Wide-spread cheating on tests among the Navy’s nuclear officers was the latest in a long line of ethics scandals that have included a military sex abuse prevention officer running his own on-base prostitution ring, and an Air Force General sacked in December for “drunken antics” in Moscow.
The Pentagon is finally coming to terms with the fact that it’s got a mounting problem of unethical behavior, but beyond massive reports forwarded to the top brass and subsequently ignored, they seem completely lost on what to do about it.
“I don’t think there is one simple answer,” insisted Defense Secretary Chuck Hagel, who went on to say that the Pentagon was willing to “hold people accountable if necessary” but only once it had a handle on the entire situation.
There doesn’t seem to be much chance of that happening, as Hagel is planning to appoint a single “ethical adviser” for the entire Pentagon and is waiting for a committee he appointed to give him some sort of “action plan.”

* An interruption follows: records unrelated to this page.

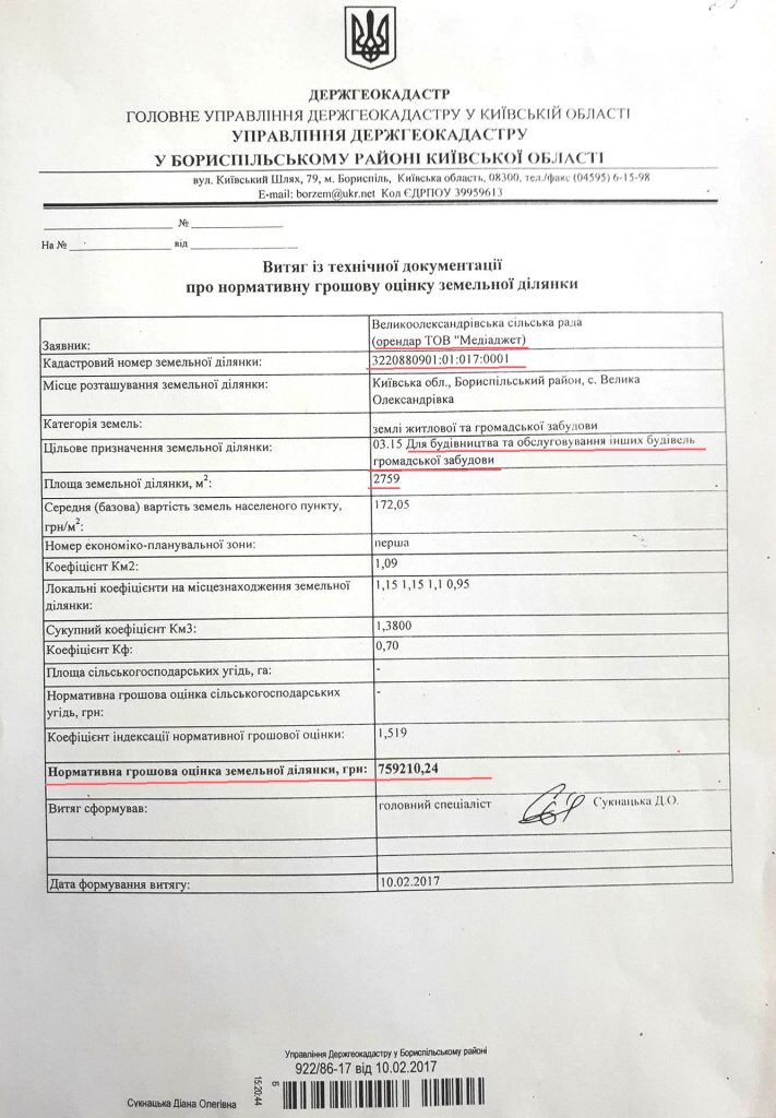 Згідно з документом, нормативна грошова оцінка земельної ділянки зменшилась більше ніж у 3 рази – до 759 210,24 грн.
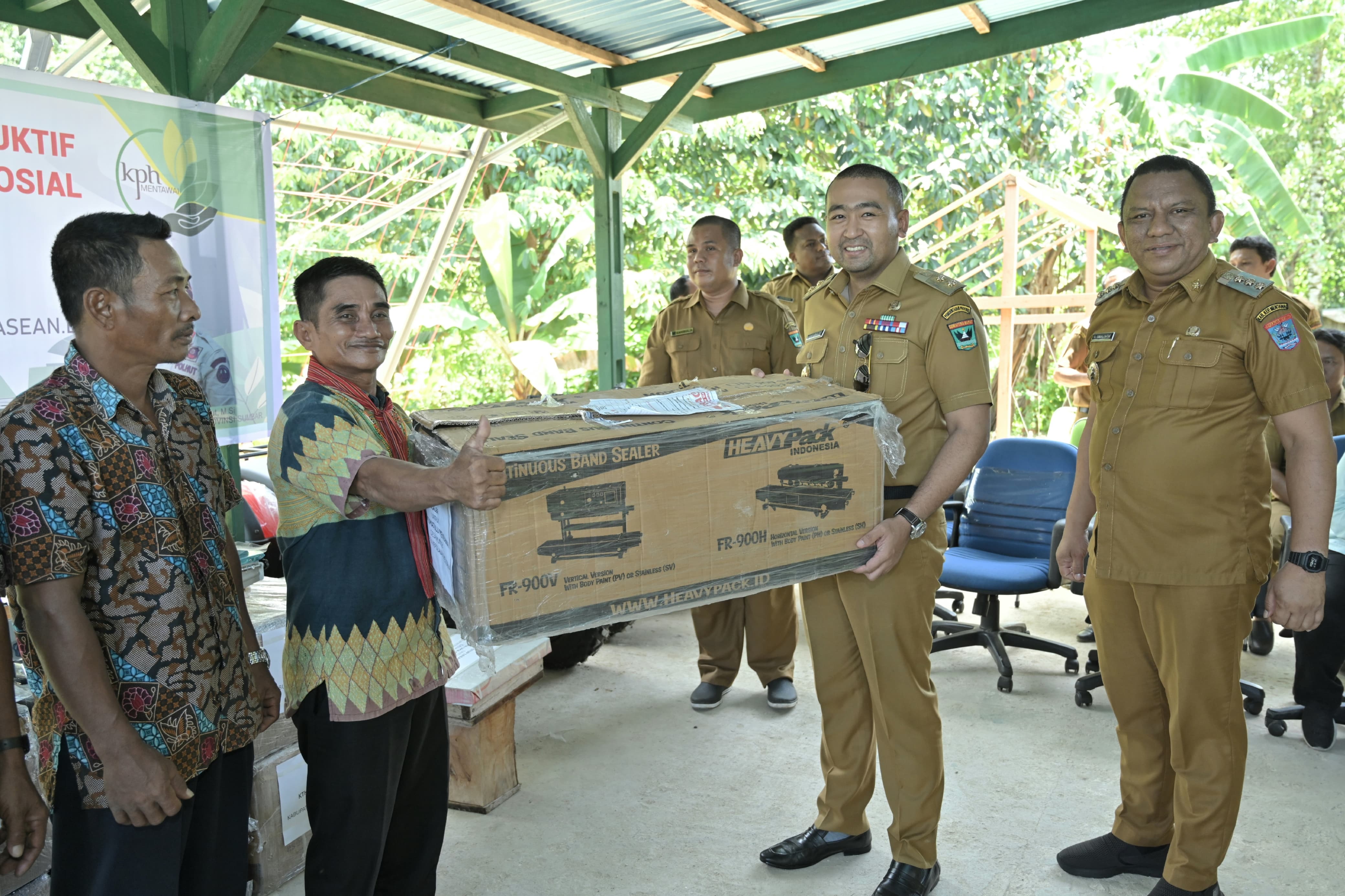 SUMBAR, CARAPANDANG - Pemerintah Provinsi Sumatera Barat (Pemprov Sumbar) menyalurkan bantuan Alat Ekonomi Produktif bagi Kelompok Perhutanan Sosial di Kabupaten Mentawai sebagai upaya mendorong perekonomian masyarakat. Bantuan diserahkan langsung oleh Plt Gubernur Sumbar, Audy Joinaldy di Kantor UPTD Kesatuan Pengelolaan Hutan Produksi (KPHP) Mentawai, Senin (14/10/2024).
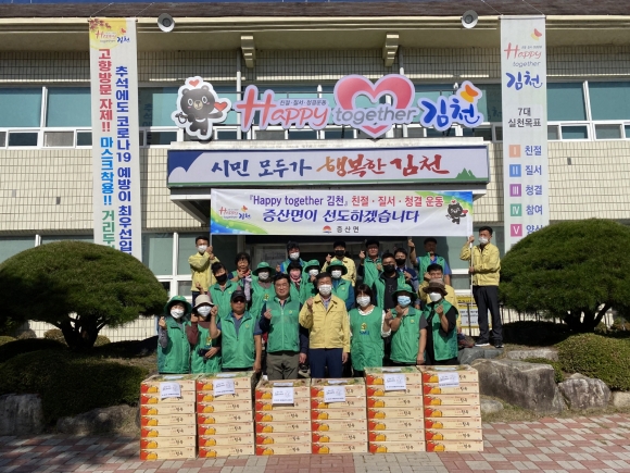 이번 행사는 코로나19로 인해 어수선한 사회 분위기 속에서 소외되는 주민 없이 모두가 행복한 추석명절을 보낼 수 있도록 증산면 새마을지도자회 회원들이 정성스럽게 준비한 것으로 따뜻한 마음을 담아 각 마을별로 전달하였다.

The chances aren’t promising of either of those yielding much, as a 2008 blue-ribbon panel investigation made recommendations, but they were all classified and if they were even attempted, they clearly didn’t help. The Navy tried their own investigation in 2011 after another test cheating scandal, but let the matter drop almost immediately, sacking the captain but again not solving the underlying problem.